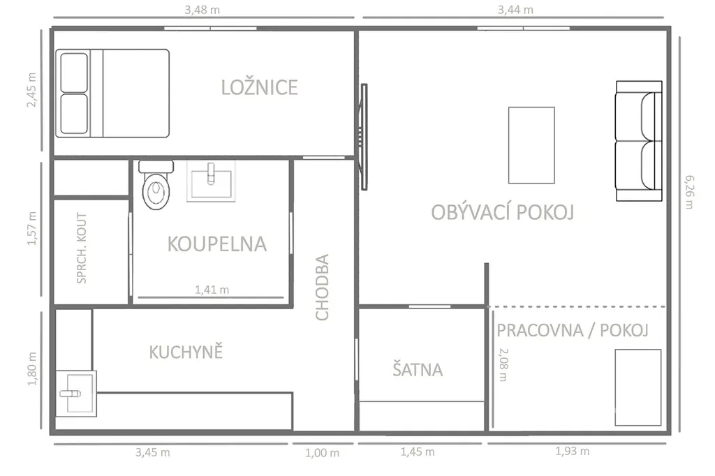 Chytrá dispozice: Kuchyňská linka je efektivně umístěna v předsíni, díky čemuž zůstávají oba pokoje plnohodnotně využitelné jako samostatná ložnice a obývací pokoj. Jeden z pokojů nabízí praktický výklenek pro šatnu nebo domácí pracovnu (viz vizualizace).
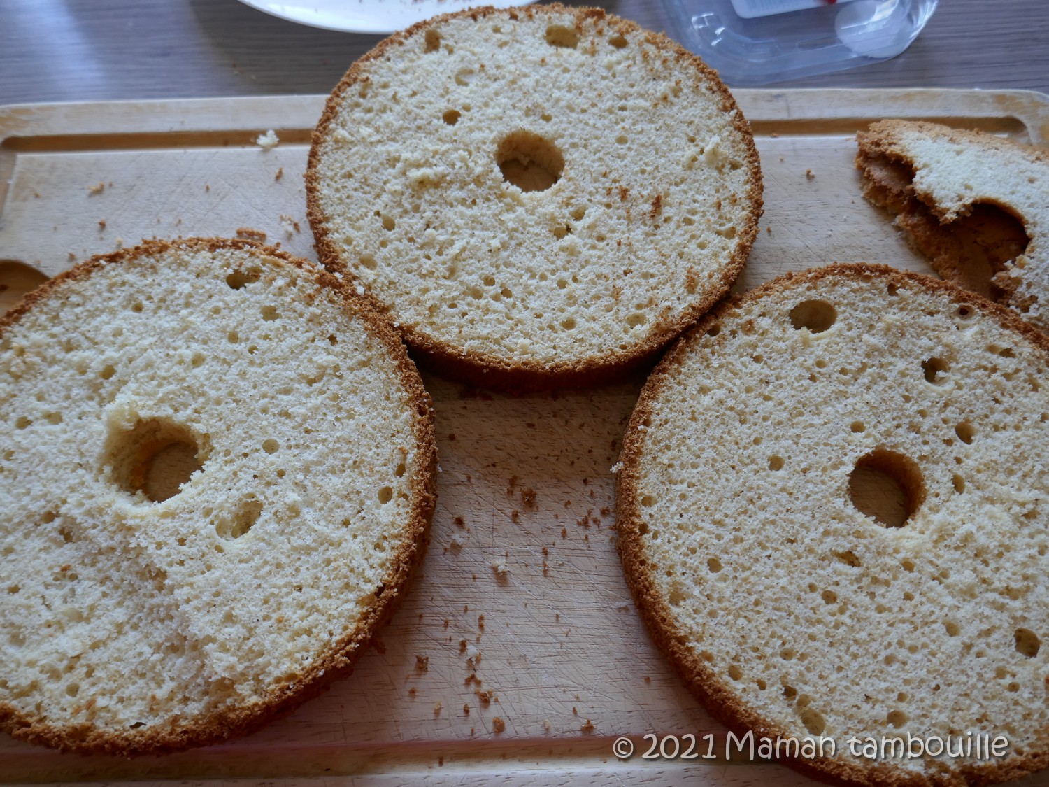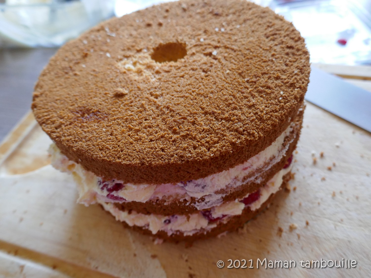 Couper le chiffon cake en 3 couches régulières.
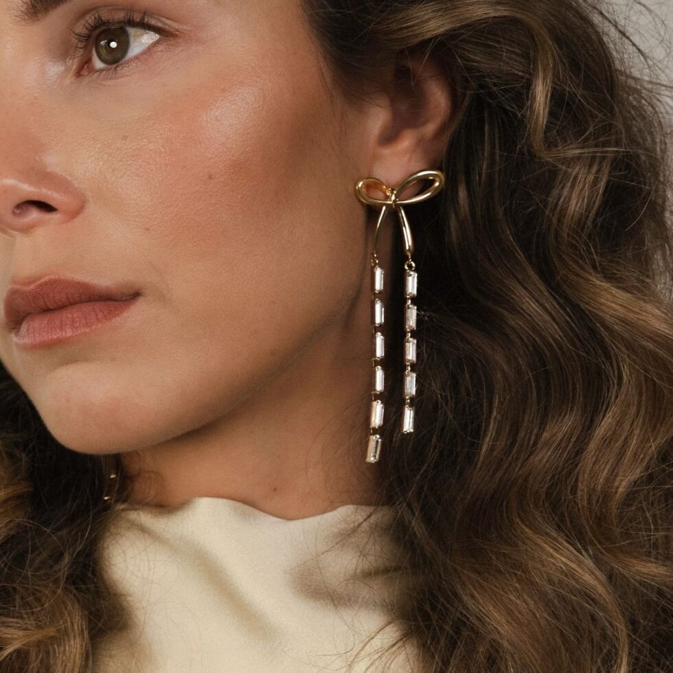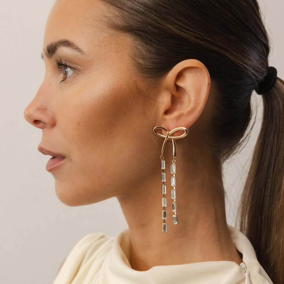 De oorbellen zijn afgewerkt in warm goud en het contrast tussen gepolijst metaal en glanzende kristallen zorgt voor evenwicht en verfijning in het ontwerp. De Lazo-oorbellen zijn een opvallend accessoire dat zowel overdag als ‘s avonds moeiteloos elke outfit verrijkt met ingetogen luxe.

*****

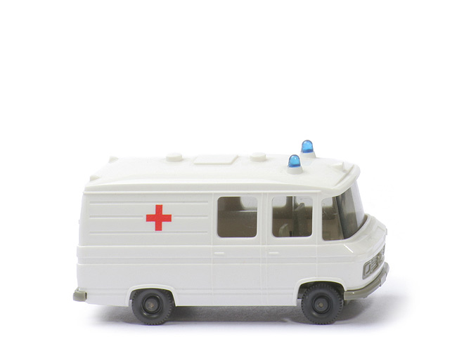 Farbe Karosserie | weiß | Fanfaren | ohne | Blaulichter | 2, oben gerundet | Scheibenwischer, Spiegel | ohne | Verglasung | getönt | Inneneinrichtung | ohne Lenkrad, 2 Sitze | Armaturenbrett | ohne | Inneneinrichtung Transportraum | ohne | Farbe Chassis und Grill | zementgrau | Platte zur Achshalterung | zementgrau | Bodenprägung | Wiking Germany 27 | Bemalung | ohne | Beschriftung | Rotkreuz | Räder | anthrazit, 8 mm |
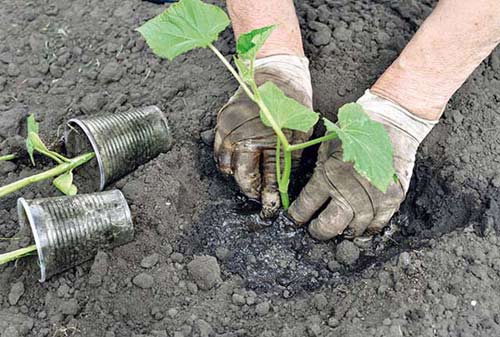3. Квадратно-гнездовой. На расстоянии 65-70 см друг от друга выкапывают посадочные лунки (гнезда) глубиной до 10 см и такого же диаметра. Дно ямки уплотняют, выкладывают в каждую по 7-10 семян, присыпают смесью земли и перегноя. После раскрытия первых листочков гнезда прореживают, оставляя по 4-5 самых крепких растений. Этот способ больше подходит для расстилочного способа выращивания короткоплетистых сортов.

*****

## TASK
Copy only this from above: the line containing "Chytrá dispozice: Kuchyňská", the line containing "Couper le chiffon", and all lines between, printed exactly. Leave out the pictures.

## RESULT OF THE TASK
 Chytrá dispozice: Kuchyňská linka je efektivně umístěna v předsíni, díky čemuž zůstávají oba pokoje plnohodnotně využitelné jako samostatná ložnice a obývací pokoj. Jeden z pokojů nabízí praktický výklenek pro šatnu nebo domácí pracovnu (viz vizualizace).
 Couper le chiffon cake en 3 couches régulières.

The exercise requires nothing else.